2. Subjects and methods
2.1. Cohort
Data used in the present study were obtained from the Osteoarthritis Initiative (OAI). The OAI was developed to allow researchers to prospectively study the development and progression of knee osteoarthritis (KOA). It consists of several sets of data including clinical data, demographic characteristics of the participants, and imaging data related to the development of OA. The data from OAI version 0.E.1 (Entire cohort version 1), which includes 2110 subjects, was used for this study. We established the study cohort utilizing Kellgren-Lawrence (KL) grading provided by the OAI found in the “Xray outcome” data and the Western Ontario and McMaster Universities Arthritis Index (WOMAC) pain score. As KL grading of OAI was determined by an AP x-ray projection, the characteristics of the cohort were determined by the status of the tibiofemoral joint and not by that of the patellofemoral joint.
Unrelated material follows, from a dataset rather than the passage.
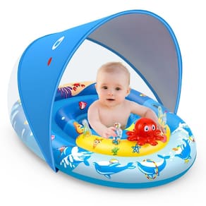 Bóia de piscina infantil EZIGO com dossel, proteção solar UPF50+, flutuador de piscina infantil inflável com brinquedos de animais marinhos para bebês de 6 a 36 meses, bóia de natação infantil com assento de segurança ajustável para meninos e meninas - Segurança máxima: a bóia de natação para bebês tem um assento de segurança ajustável na parte inferior para evitar escorregões. As câmaras de ar duplas e o design de alargamento lateral oferecem excelente flutuabilidade e estabilidade. A área reticulada entre as duas câmaras dos carros alegóricos para bebês oferece uma área de recreação segura - Toldo de proteção solar: o flutuador de piscina infantil é equipado com um toldo solar ajustável de 0 a 120 graus que fornece efeito protetor solar UPF 50+e protege o rosto do bebê da luz solar. As janelas laterais de malha oferecem perspectiva e ajudam os bebês a interagir com os pais enquanto nadam - Brinquedo atraente: um polvo que range, dois golfinhos com lantejoulas na barriga e dois sinos fofos. Seu bebê pode brincar com esses brinquedos de animais marinhos enquanto nada. Os belos padrões oceânicos no flutuador da piscina infantil fazem com que seu bebê se sinta como se estivesse no mundo subaquático - Material de segurança para bebês: este flutuador para piscina é feito de material de PVC de alta qualidade que atende aos padrões CPC, tornando-o 100% seguro e não tóxico. O assento com rede de ar feito de material supermacio é muito adequado para a pele do bebê. Recomendado para bebês de 6 a 36 meses - Feliz horário de verão: os flutuadores de piscina para bebês são ideais para brinquedos de piscina ao ar livre, praias, banheiras internas ou entretenimento aquático infantil. A bóia para bebês é dobrada e colocada em uma linda caixa colorida, que é fácil de inflar e esvaziar

Subjects selected met four inclusion criteria: (1) subjects < 55 years old; (2) Western Ontario and McMaster Universities Arthritis Index (WOMAC) pain score of 0: i.e., all items on the pain questionnaire were zero; (3) KL system grade 0 or 1; and (4) Complete MRI data set of the right knee. A pre-OA group (POA) consisted of subjects who developed KL grade 2 or more radiographically in the right knee within 96 months, and a non-OA group (NOA) that remained KL 0 or 1 during that period.
2.2. MRI sequence
MRI images were obtained with a 3T MRI scanner (Siemens MAGNETOM Trio, Erlangen, Germany) and a quadrature transmit-receive knee coil (USA Instruments, Aurora, OH). The protocol used for MRI acquisition was reported in detail in the previous study [7]. Axial multiplanar reconstruction (MPR), coronal MPR, and sagittal T2 mapping were used for the assessment of osteophytes.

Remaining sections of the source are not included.